The camera seems to be focused on some areas and blurry in others, depending on depth. Is there a way to make it focused on everything, or is that just the nature of the camera?

Thanks to everyone who has helped me!


----------



## Ruth4Havs (May 13, 2013)

nice camera! my brother is into photography and good patience, Hanna!


----------



## Tom King (Aug 2, 2006)

The lower the light level, the more the lens has to open up. The more the lens opens up, the shorter the depth of field gets. Photography is always a compromise of factors. At least cameras these days figure it out automatically for you. When I started back in the '60s, everything was manual, including focus, and the photographer had to decide on how to balance all the factors. The only way to get everything in focus on one plane is to use a view camera like Ansel Adams did.


----------



## atsilvers27 (Jul 5, 2011)

Tom King said:


> The lower the light level, the more the lens has to open up. The more the lens opens, the shorter the depth of field gets. Photography is always a compromise of facts. At least cameras these days figure it out automatically for you. When I started back in the '60s, everything was manual, including focus, and the photographer had to decide on how to balance all the factors. The only way to get everything in focus on one plane is to use a view camera like Ansel Adams did.

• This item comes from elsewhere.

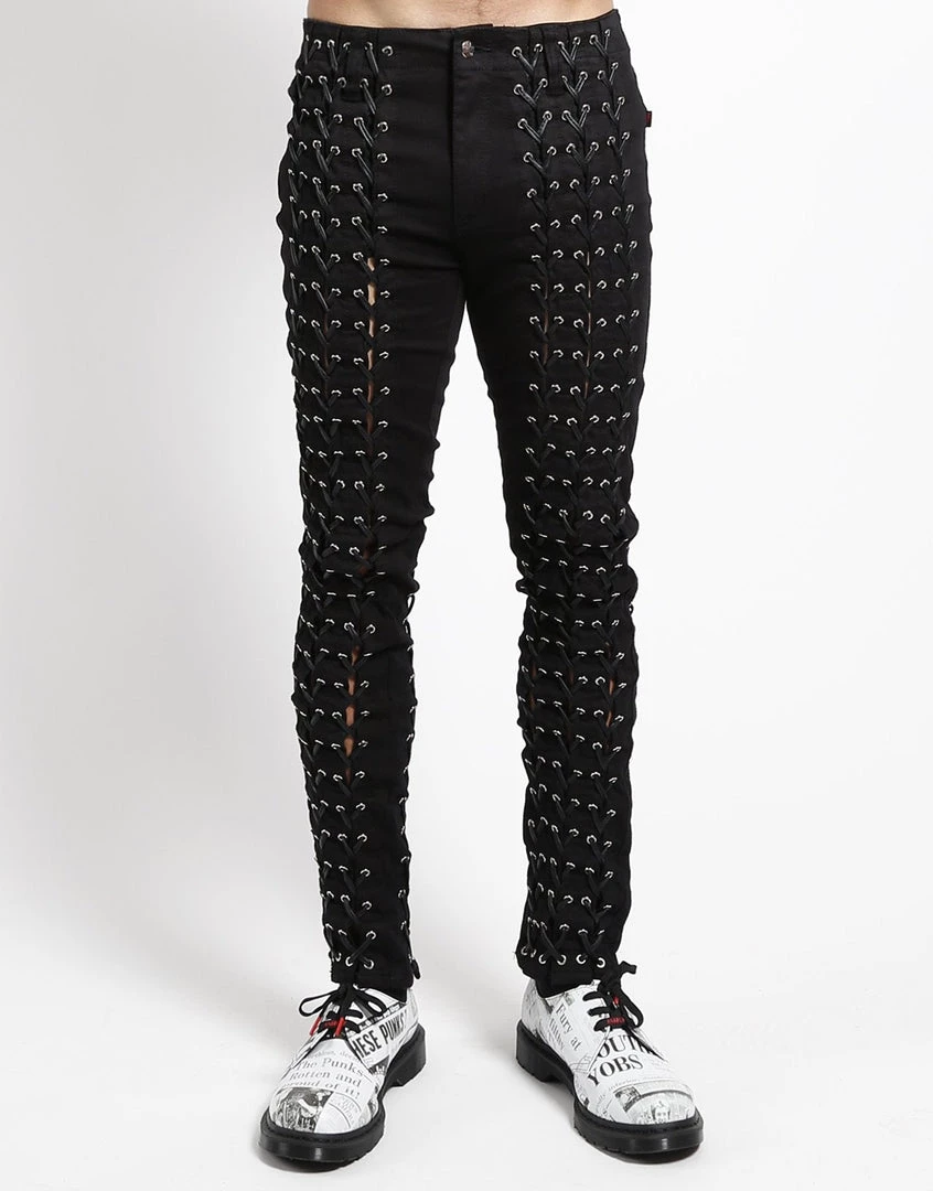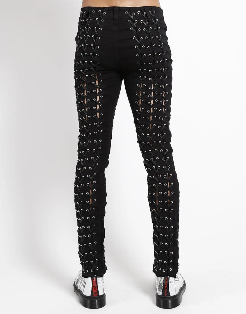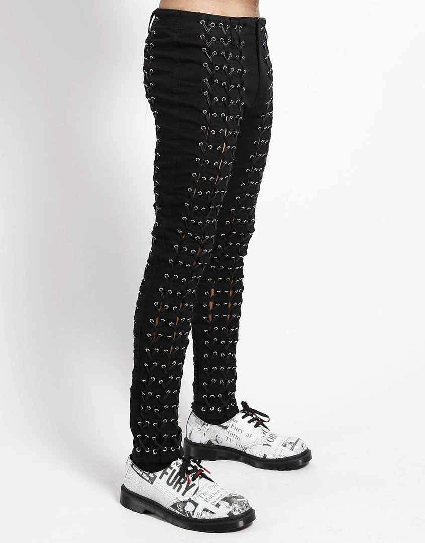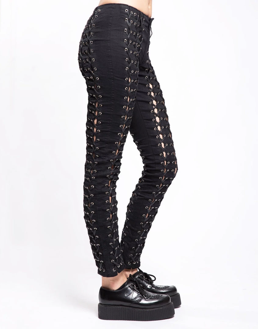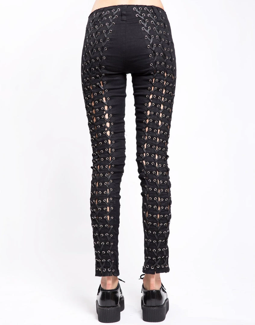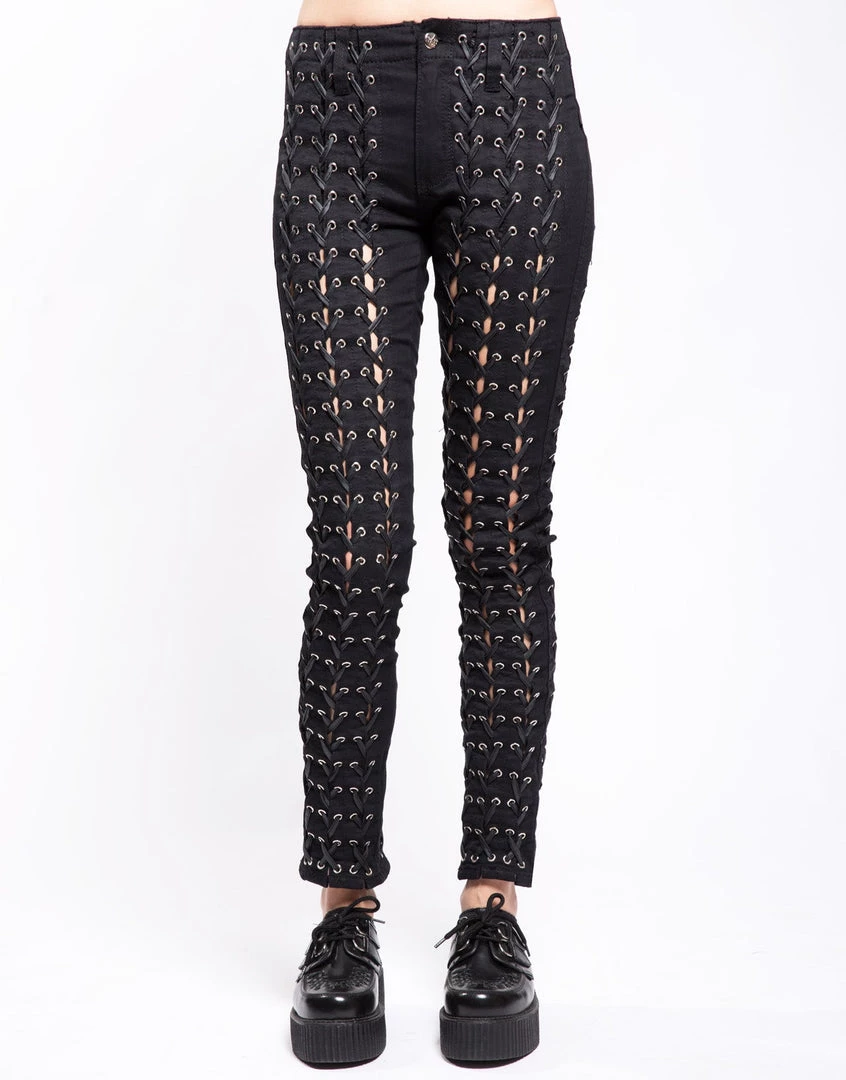 Armour up in these limited edition, all-over lace up skinnies from our archive! Features faux leather laces and silver grommets all over revealing flashes of skin. Includes short lining, 10 inch rise, silver hardware, and button and zip fly closure.

I remember learning about early photography in middle school. My teacher showed us some old black and whites, and I remember wondering what was so special about the photos and the "talented" photographer, they seemed normal. Then she explained that he had to manipulate the camera manually and nothing was auto, then carefully develop the pictures. Definitely have respect for early photography.


----------



## Suzi (Oct 27, 2010)

Those are very nice. I took three years of photography in college but I don't remember much. The new equipment makes taking a picture so much easier. It still would be fun to learn more about digital and try taking photos manually.Have you tried a video yet? For some reason mine stopped working. I'm thinking either I have used up to much memory on the card or my computer?


----------



## jabojenny (Sep 18, 2011)

The photos look great, there aren't any blowouts or under exposures. As Tom said photography is a compomise of factors. The larger the number of your aperture the smaller the lens opening thus a larger depth of field, and less light entering the lens. I'm not sure how Nikons work, I'm a Canon girl, but if you find yourself needing a larger depth of field and still want to shoot without a flash you could increase your ISO. In the beginning I did a lot of "study" work, same subjects but changes in aperture and ISO. Oh and then there's also shutter speed... There is a great site clickinmoms.com great forum and awesome online classes. You have to pay for membership but I think it's well worth it. Flickr also has some great groups for feedback on your shots and questions too. Check out dpreview.com too. Photography is so addicting and you have two beautiful boys and pretty Hannah to practice on! If you need non moving subjects flowers are always a good choice unless the wind is blowing!


----------



## krandall (Jun 11, 2009)

atsilvers27 said:


> I remember learning about early photography in middle school. My teacher showed us some old black and whites, and I remember wondering what was so special about the photos and the "talented" photographer, they seemed normal. Then she explained that he had to manipulate the camera manually and nothing was auto, then carefully develop the pictures. Definitely have respect for early photography.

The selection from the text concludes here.